É a partir de Londres que se desafiam alguns dos pressupostos mais enraizados do mundo da moda. Na vanguarda do setor, a capital britânica reitera o seu estatuto mesmo numa semana da moda cingida a um único ecrã e com ausências de peso — Victoria Beckham (que se antecipou e apresentou coleção dias antes, fora do calendário), Christopher Kane e JW Anderson.
O género e a sustentabilidade seguem como linhas reorientadoras do trabalho dos designers, ao mesmo tempo que o abrandamento económico obriga as marcas a descer o tom das apresentações e a moldarem-se a um contexto menos próspero, como consequência da pandemia de Covid-19.
Mas Londres (onde a semana da moda arrancou no dia 19 e terminou na última terça-feira) tem, por defeito, a porta aberta aos novos talentos. Nos últimos dias, novos projetos dirigiram o foco para o género e para uma fluidez emergente, necessária numa sociedade que se quer inclusiva e a abraçar a diversidade. Harris Reed é um dos nomes na berlinda. As criações do designer de 24 anos (criativo por trás da androginia de Harry Styles) desafiam expectativas, da mesma forma que o fizeram os visuais de Billy Porter nas passadeiras vermelhas de 2019. Art School, marca londrina do designer Eden Loweth, segue o mesmo princípio — criar moda sem género –, embora num registo mais casual.
O conforto, que outrora muitos julgaram ser incompatível com a sofisticação que se espera da moda, é hoje um mote difícil de ignorar — até Molly Goddard, no meio de todas as camadas de tule, vê crescer a sua linha de malhas, produzida à mão dentro do Reino Unido. Exemplos como as duplas Palmer//Harding e Colville provam a facilidade de ajustar a criatividade ao novo pragmatismo pandémico, dos passeios higiénicos às reuniões no Zoom.
Marques’Almeida: um caminho de artistas emergentes e sustentabilidade
Já na última estação, em setembro de 2020, a dupla portuguesa tinha dispensado o formato convencional de desfile na hora de se apresentar na Semana da Moda de Londres. No último domingo, a Marques’Almeida repetiu a fórmula, desta vez unindo esforço com um dos fenómenos musicais do momento em Portugal. Nenny, de 18 anos, foi a estrela num formato que combinou música e moda e revelou, durante a atuação da rapper, alguns visuais da coleção do próximo outono.
“Sabíamos que ia ser incrível e empoderador, sobretudo para miúdas mais novas e criativas […] É claro que podes emprestar peças a uma grande celebridade, mas isso nunca se traduziu em algo realmente significativo para nós enquanto marca”, referiu Marta Marques em entrevista à Vogue Britânica, revelando que é intenção da marca associar-se a artistas emergentes e de nicho, que estejam a iniciar as suas carreiras.
Longe do início está a estratégia para tornar a Marques’Almeida cada vez mais sustentável. No último ano, a dupla criou uma linha produzida a partir de sobras e stocks parados e, nas suas coleções principais, tem conseguido aos poucos cumprir com pequenas metas.

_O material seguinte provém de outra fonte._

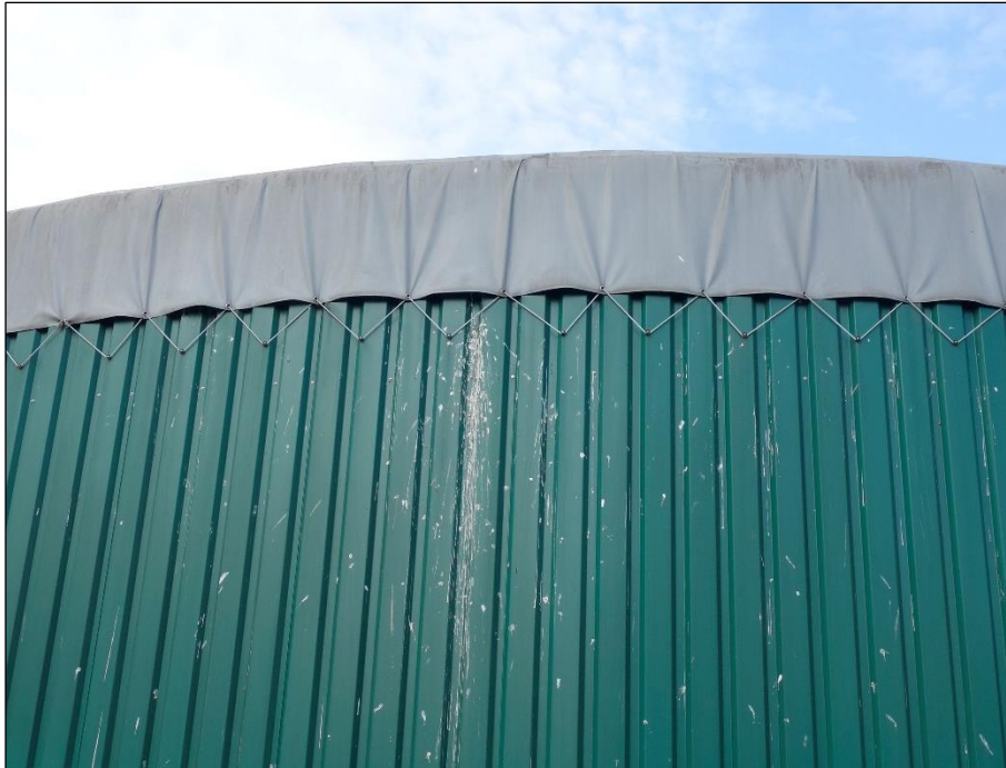
Abb. 9: Am Fermenter könnten zwischen dem Überstand der Außenmembranfolie und dem Stahlmantel für Fledermäuse geeignete Hohlräume vorhanden sein; der Star ( Sturnus vulgaris ) nutzt diese als Brutplatz (07.06.2023).

Insgesamt betrachtet erweist sich das Umfeld des Sondergebietes Biogas als für die Fledermausfauna vergleichsweise strukturreich. Es sind für Fledermäuse potenziell geeignete Baum- und Gebäudequartiere vorhanden. Unter den Spezies, die Quartiere in Baumhöhlen beziehen, könnten potenziell z. B. Großer Abendsegler, Braunes Langohr und andere Höhlen im Bereich des Waldes (vgl. Abb. 7) bewohnen. Diverse sonstige Strukturen könnten als Tagesversteck genutzt werden. Unter den Gebäudefledermäusen könnten z. B. Breitflügel- und/oder Zwergfledermaus Hohlräume in angrenzenden Stallgebäuden sowie innerhalb des Sondergebietes Biogas am Fermenter beziehen (Abb. 8 + 9).
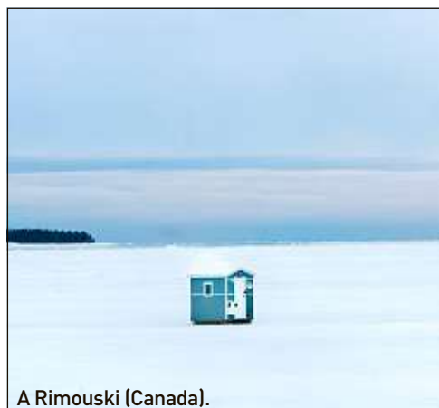
A Rimouski (Canada).
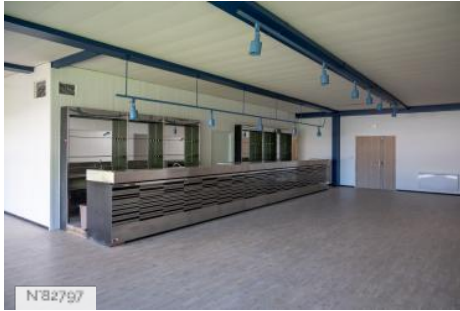
Aérodrome de Melun-Villaroche - Bar et salle de réception
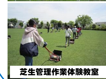
芝生管理作業体験教室
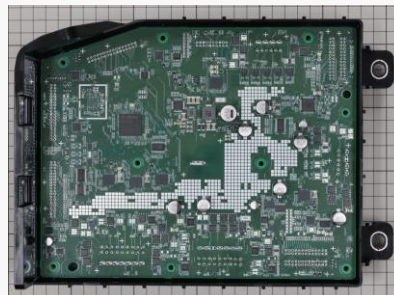
Xiaomi(小米) SU7 Max搭載 統合ECU(BCM RH) 内部
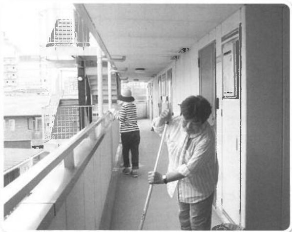
マンション清掃作業
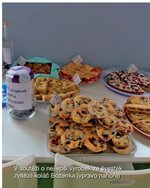
V soutěži o nejlepší výrobek ze švestek zvítězil koláč Boženka (vpravo nahore)
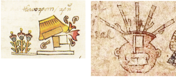
Figura 2: Tlacopan: (a) glifo tradicional ( tlacotl ), Códice Mendoza , fol. 5v (1997); (b) glifo tradicional y fonético ( tlantli, comitl, pantli = tla-co-pan), Mapa Quinatzin , lám. 3 (ms. mex. 396, BNF)
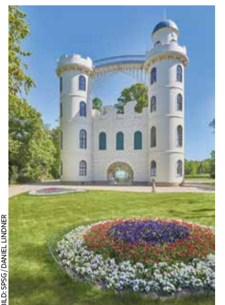
Schloss auf der Pfaueninsel mit dem Wandbild in der unteren Bogennische

Auf diese erste Fassung bezog sich später auch das Wandbild der 1970er Jahre, das von dem Berliner Künstler Thomas Harndt ausgeführt wurde, das im Zuge der jetzigen Sanierung wegen
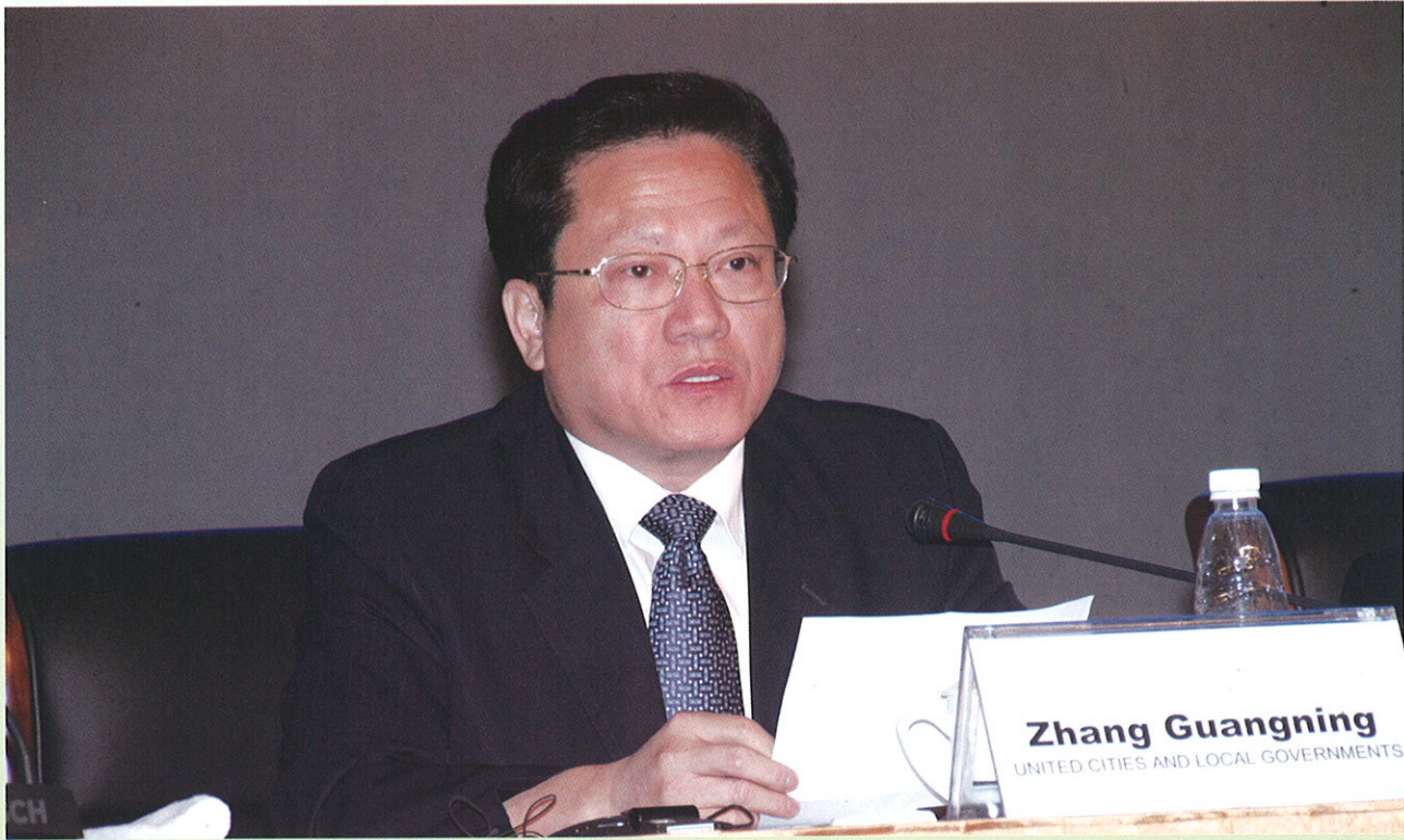
▲ 张广宁市长出席“第四届世界城市”论坛并致辞。
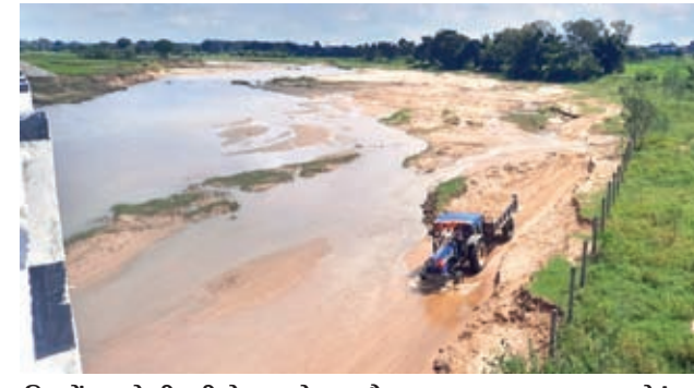
दिन में नागफेनी नदी से बालू ले जाता ट्रैक्टर।
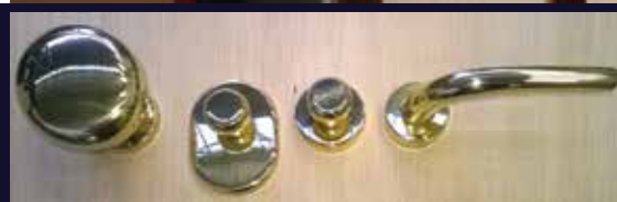
maniglia, pomolo e pomolini in ottone lucido di serie

Ogni modello della produzione DIGIEMME realizzato nelle classi antieffrazione 2 e 3 UNI ENV 1627/30 può essere dotato su richiesta del kit termico e/o acustico. L'applicazione del kit termico consiste nella applicazione di materiale isolante in lana di roccia o polistirene all'interno del battente oltre ad un ulteriore isolante in polietilene espanso a cellule chiuse tra la lamiera esterna dello stesso ed il relativo pannello di rivestimento, realizzato necessariamente nello spessore di 15 mm. Grazie a questa dotazione la porta blindata raggiunge il valore di trasmittanza termica U_d pari a 1,5 W/(m 2 *K).
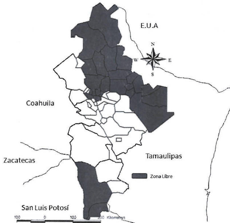
Distribución del trampeo en la Zona Libre de Moscas de la Fruta.

(*) Depende de la disponibilidad del fruto.
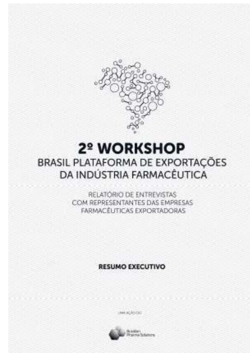
Relatório de entrevistas feitas com 10 multinacionais farmacêuticas instaladas no Brasil, que serviu de insumo para o 2º Workshop Brasil como Plataforma de Exportação – março de 2016
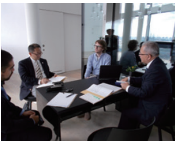
エルプフィルハーモニーでの打合せ
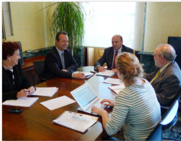
Momento de la reunión mantenida en Pamplona
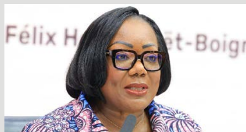
Madame Anne Désirée OULOTO LAMIZANA, Ministre d'État, Ministre de la Fonction Publique et de la Modernisation de l'Administration, Présidente du Conseil Régional du Cavally

Nous avons besoin d'un véritable coup d'accélérateur. La décentralisation n'est pas une simple réforme administrative ; c'est une réforme de gouvernance, une réforme de développement et de proximité entre l'État et les citoyens ».
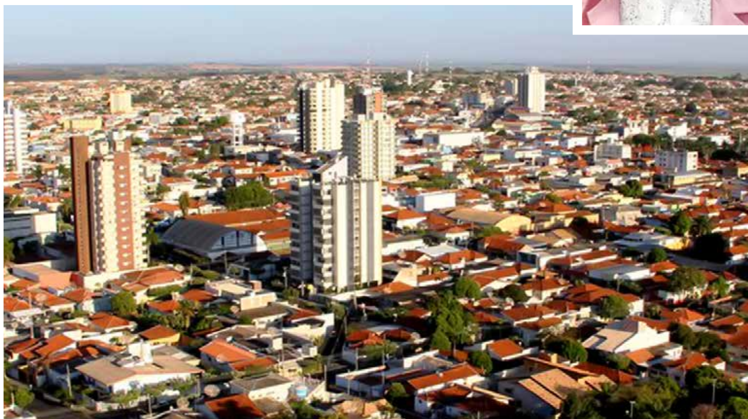
No detalhe, Sueno Sato: a primeira vítima fatal de Covid-19 em Fernandópolis

Em um ano, 244 pessoas morreram no município vítimas da doença; apenas nos 11 primeiros dias de junho já são 16 mortes
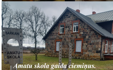
Amatu skola gaida ciemiņus.
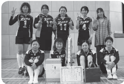
優勝したZEROの皆さん
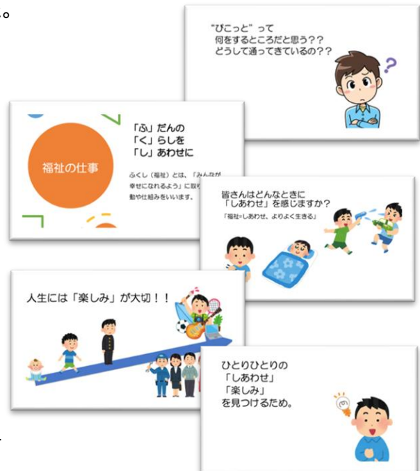
↑オリエンテーションで使用した資料の一部です。

なかなか、考えたことがないテーマでしたが、問いかけをすることで、少しでも自分の「しあわせ」について考えるきっかけになったのではないかと思います。
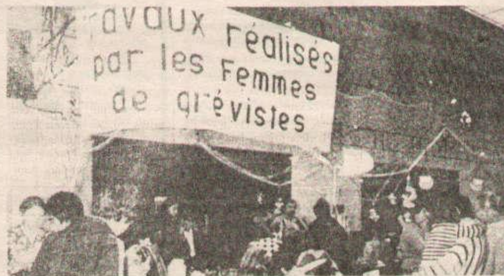
Aux Assises du nucléaire, stand des femmes des grévistes de l'usine de la Hague.

Pour un quotidien, toujours mieux en mesure de faire connaître le point de vue marxiste-léniniste, de mieux servir la classe ouvrière et ses luttes, en avant vers les 25 millions !
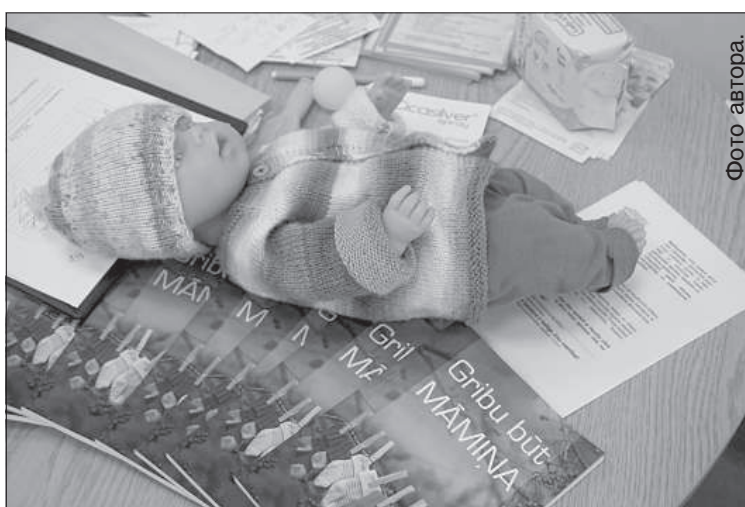
Для показательных выступлений используются куклы.

«Главное, чего хотим добиться этими занятиями — снизить чувство страха родов», — акушерка заметила, что даже вскользь услышанный совет зачастую осень полезен. Целью сотрудников также является способствовать узнаваемости отделения и созданию положительной репутации. И. Жилвинска слышала фразы: «раньше роды принимали хуже, теперь лучше», но она считает, что изменились не медики или пациенты, а отношение к родам. Оно стало более открытым, но в то же время более интимным событием в семейной жизни.
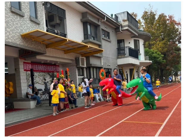
每學年舉辦一次校慶運動會，邀請社區民眾共同參與，提升運動風氣
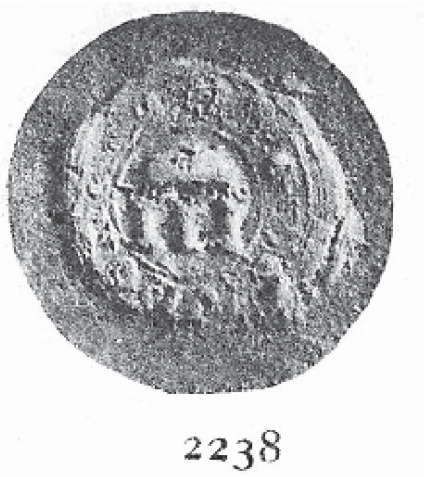
Figura 8. Segell de Berenguer Despont (1381) extret de la Sigil·lografia Catalana de Ferran de Sagarra, tom II, número 2.238.
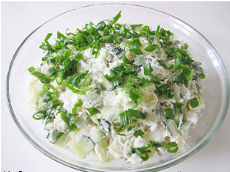
12. Сверху уложите кубики шерики и яйца
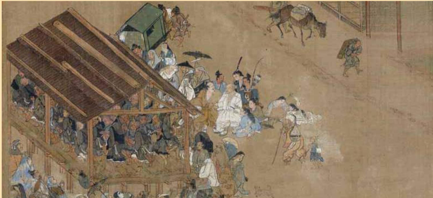
片瀬浜の踊り念仏(第6巻)〈清浄光寺(遊行寺)蔵〉

会期 11月3日(祝)～12月13日(日) 別本の第7巻と関連作品を展示 問い合わせ ハローダイヤル☎03(5777)8600

Os designers portugueses celebram a primeira coleção totalmente livre de fibras derivadas do petróleo, mas também o trabalho recente com corantes naturais no tingimento das peças, juntamente com uma fábrica portuguesa.
Esta edição da Semana da Moda de Londres contou ainda com alguns dos nomes mais fortes da moda britânica. Vivienne Westwood também fez progressos no que toca a tornar as suas coleções mais sustentáveis. Inspirada por uma das pinturas do francês François Boucher, a marca anunciou que “a maioria da coleção inclui materiais feitos, inteira ou parcialmente, de algodão orgânico, algodão reciclado, seda orgânica e ganga, nylon e poliéster reciclados”.
A duas semanas do lançamento da sua coleção para a H&M, Simone Rocha apresentou uma coleção onde os volumes principescos, as camadas de tule, os laços e as pérolas contrastaram com um predomínio do preços e com novas silhuetas em blusões de cabedal. A Burberry de Riccardo Tisci optou por apresentar apenas a coleção masculina. O romantismo de Erdem encerrou o calendário. A coreografia transformou o habitual desfile numa espécie de bailado e, entre os elementos que caracterizam o criador — padrões florais, cinturas marcadas e aplicações de pedraria –, também ali foi dada uma atenção extra ao conforto.
As propostas para a próxima estação fria continuam a desfilar em Milão, num programa também ele digital, que já contou com a apresentação de Gonçalo Peixoto e que, no próximo domingo, terá Alexandra Moura entre os grandes nomes da moda italiana.